Define cluster table requirements, and physically co-locate related tables on the disk drive. Clustering is a very useful technique for sequential access of large amounts of data. Clustering is accomplished through clustering indices that determine in which sequential order the rows in the tables are physically stored in the datasets. Ideally, you want to cluster the primary key of each table to avoid page splits , that is, to make sure that new rows inserted into the tables will be stored sequentially on the disk according to the columns in their clustering index. Using this technique can dramatically improve performance because sequential access of data is the norm in BI applications. When the rows of a table are no longer stored in the same order as its clustering index (data fragmentation), performance will suffer and the table has to be reorganized.

Indexing

There are two extreme indexing strategies, neither of which is advisable: one strategy is to index everything, and the other is to index nothing. Instead of veering to these extremes, index those columns that are frequently searched and that have a high distribution in values, such as Account Open Date. Do not index columns that have a low distribution in values, such as Gender Code.
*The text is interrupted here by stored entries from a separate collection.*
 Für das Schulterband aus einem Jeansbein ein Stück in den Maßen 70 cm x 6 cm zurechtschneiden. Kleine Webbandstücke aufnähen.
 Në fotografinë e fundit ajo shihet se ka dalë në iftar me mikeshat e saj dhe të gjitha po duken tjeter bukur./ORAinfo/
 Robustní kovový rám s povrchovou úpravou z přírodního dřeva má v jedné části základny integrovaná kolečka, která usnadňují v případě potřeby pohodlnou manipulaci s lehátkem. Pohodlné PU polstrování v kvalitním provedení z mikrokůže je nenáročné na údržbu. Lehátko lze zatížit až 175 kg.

Once you have decided which columns to index, determine the index strategy to use. Most DBMSs provide several access methods to choose from, either sequential access or direct access using any of the following well-known indexing algorithms:

B-tree
Hash
Inverted file
Sparse
Binary

Consult with your DBMS vendor to choose the most optimum access method (indexing algorithm) for the DBMS product you are using.

Reorganizations

Occasionally you will need to reorganize the databases because incremental loads will fragment the datasets over time, and inserted rows will no longer be stored in a logical sequence. This fragmentation may result in long data retrieval chains, and performance can drop off significantly. Most DBMSs provide reorganization routines to rearrange the fragmented database in order to reclaim space occupied by deleted data or to move records from overflow areas into free space in prime data areas.
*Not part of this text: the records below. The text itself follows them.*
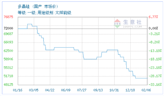 2月06日国产关于多晶硅的报价为51000元/吨。多晶硅的规格:等级:一级;用途级别:太阳能级。该报价有效期为3天。报价提供方:国内市场。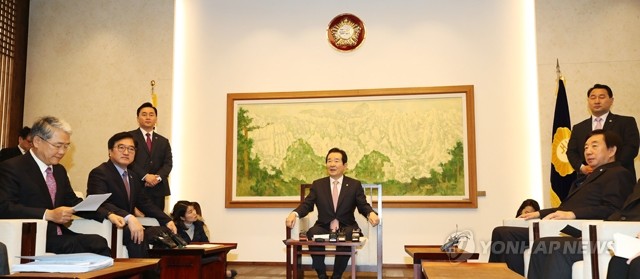 정세균 국회의장과 여·야 3당 원내대표가 26일 오전 국회의장실에서 회동하고 있다. 왼쪽부터 바른미래당 김동철 원내대표, 더불어민주당 우원식 원내대표, 정세균 국회의장, 자유한국당 김성태 원내대표.
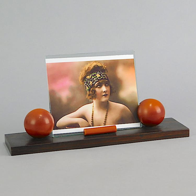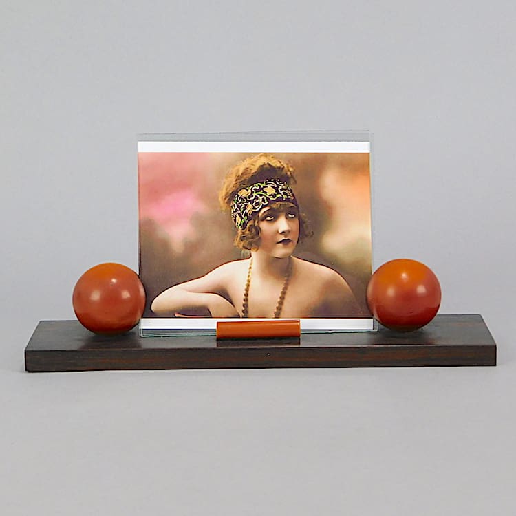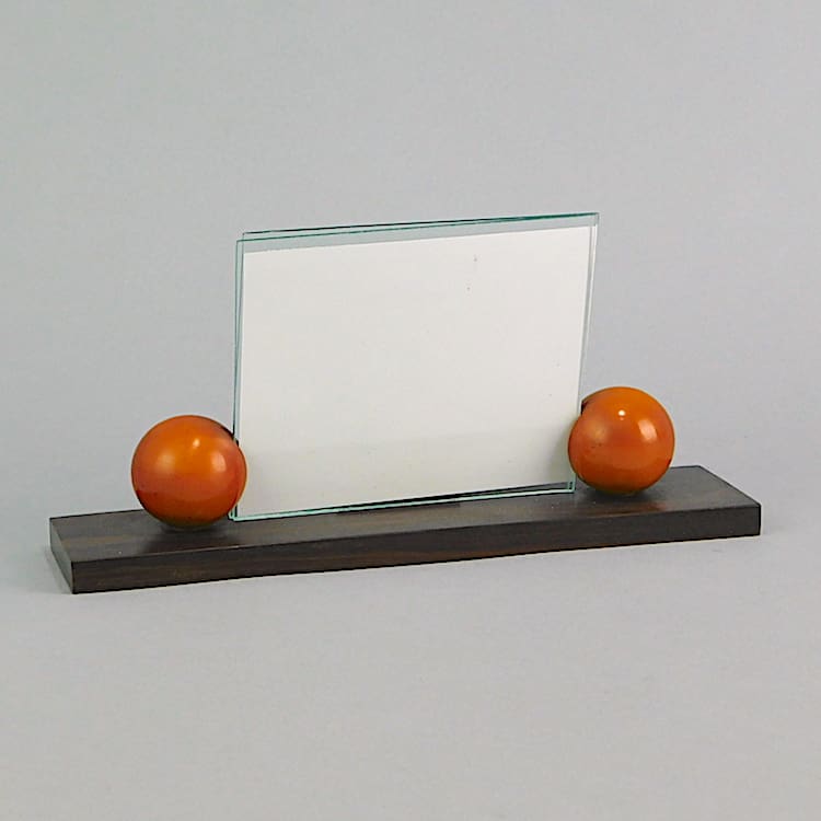 A French art deco Macassar ebony wooden base photo frame with phenolic balls.

The basic activities involved in reorganizing a database are to copy the old database onto another device, reblock the rows, and reload them. This is not a trivial effort for BI target databases. The good news is that all DBMSs can perform a partial reorganization routine on database partitions, which is another reason for the database administrator to partition the BI target databases.

Backup and Recovery

Since software and hardware may fail, it is necessary to establish backup and recovery procedures. DBMSs provide utilities to take full backups as well as incremental backups . Many organizations are under the misguided impression that the BI target databases can always be recreated from the original source data. They neglect to realize that it may take a very long time to recreate the BI target databases if they have to rerun all the initial and historical extract/transform/load (ETL) programs ” assuming the original source files are still available.
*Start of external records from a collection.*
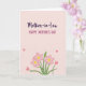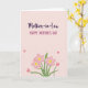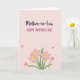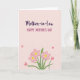 This design shows a soft, textured pale-rose background with a family greeting placed across the upper half in deep plum lettering, followed by a celebratory line beneath it in bright fuchsia. The two lines of text sit centered and roomy, letting the words breathe while keeping the focus up top. Below, a bouquet of stylized flowers rises gently, as if leaning in together like close friends sharing a quiet moment ❤️. The petals are soft pink in a few shades, each marked with fine, lighter stripes that add a tender, fabric-like look. Sunny yellow centers glow at the middle of each bloom, while leafy green stems and foliage balance the warm pinks. Small heart shapes in matching fuchsia drift around the background, adding a light romantic touch 🌼. The cluster of flowers is anchored along the bottom area, with stems reaching upward and the hearts scattered mostly around the lower and side spaces.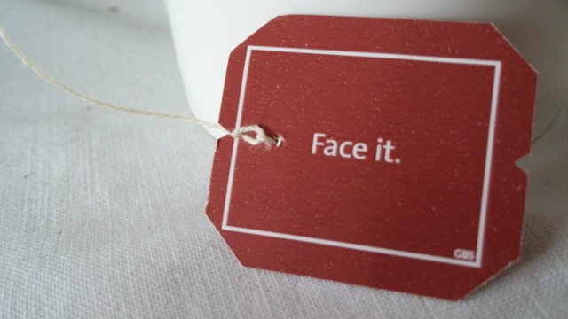 I do enjoy yogi tea. Most times the tags have a gentle loving message on them, always an added bonus. Not this time! Face it: deadlines are rapidly approaching. Face it: you get out what you put in. Face it: do the hard things before they become impossible.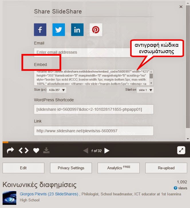 Δημοσίευση παρουσιάσεων στο SlideShare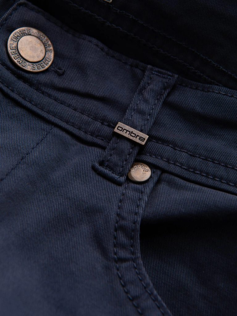 férfi nadrág chino stílusban derékban gombos rögzítés klasszikus szabású két elülső zseb hátul két zseb Anyaga: 98% pamut, 2% elasztán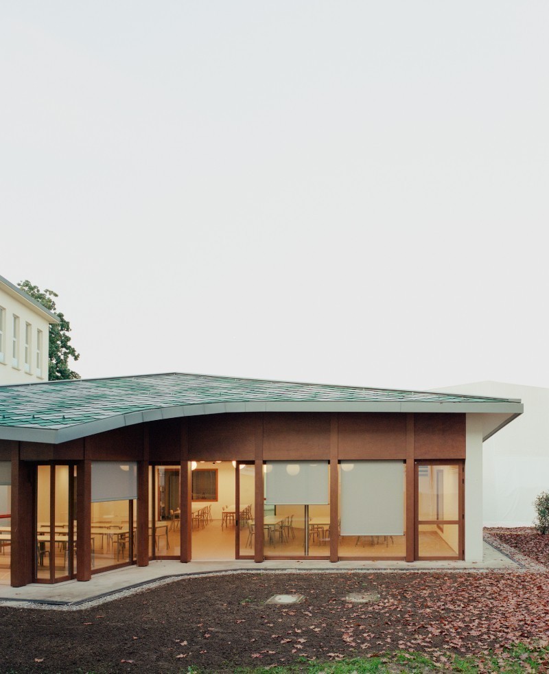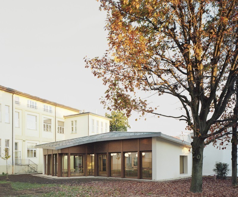 Il padiglione nel verde, realizzato in sostituzione del vecchio refettorio, è formato da un volume compatto e articolato, ma allo stesso tempo aperto e permeabile. Il grande refettorio è concepito come un ambiente unitario che si apre sul giardino per mezzo di una grande vetrata. Al suo fianco un corpo più basso che ospita la distribuzione dei pasti, i locali di servizio, gli spogliatoi e i servizi igienici.
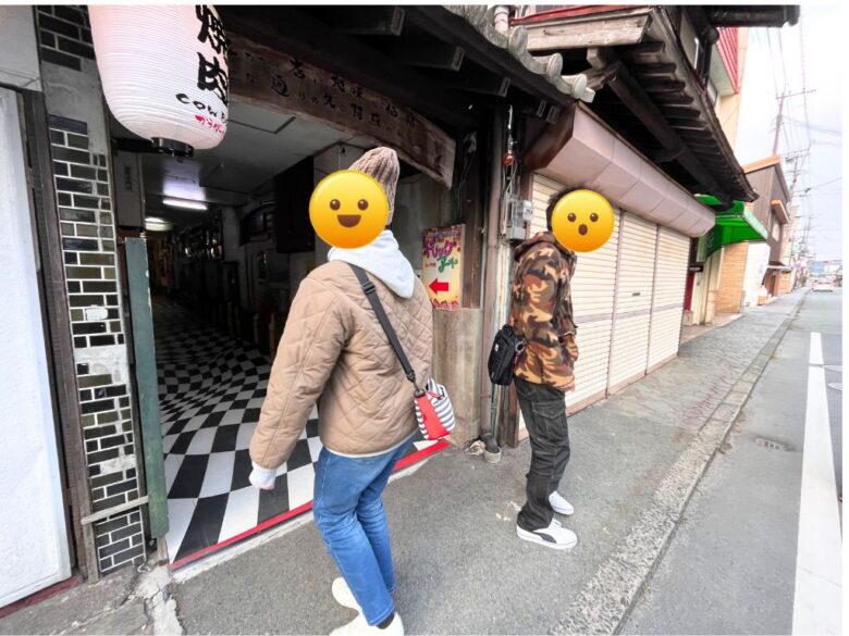まずは最初のミッション。こめや通りに入る前にその場でぐるぐる回転し、ふらふらになった状態で進みます!

Disaster recovery is also an issue for BI applications. If the backup tapes or cartridges are destroyed during a disaster, it could be difficult to recreate your BI target databases, and it could take a very long time (if recovery is possible at all). For this reason, many companies choose to store their database backups in remote locations.

Parallel Query Execution

To improve the performance of a query, break down a single query into components to be run concurrently. Some DBMS products offer transparent parallel execution, which means you do not need to know how to break down a query into components because the DBMS does it for you. Performance is greatly increased when multiple portions of one query run in parallel on multiple processors. Other applications of parallel query execution are loading tablespace partitions, building indices, and scanning or sorting tables. Parallel processing is a very important concept for BI applications and should be considered whenever possible.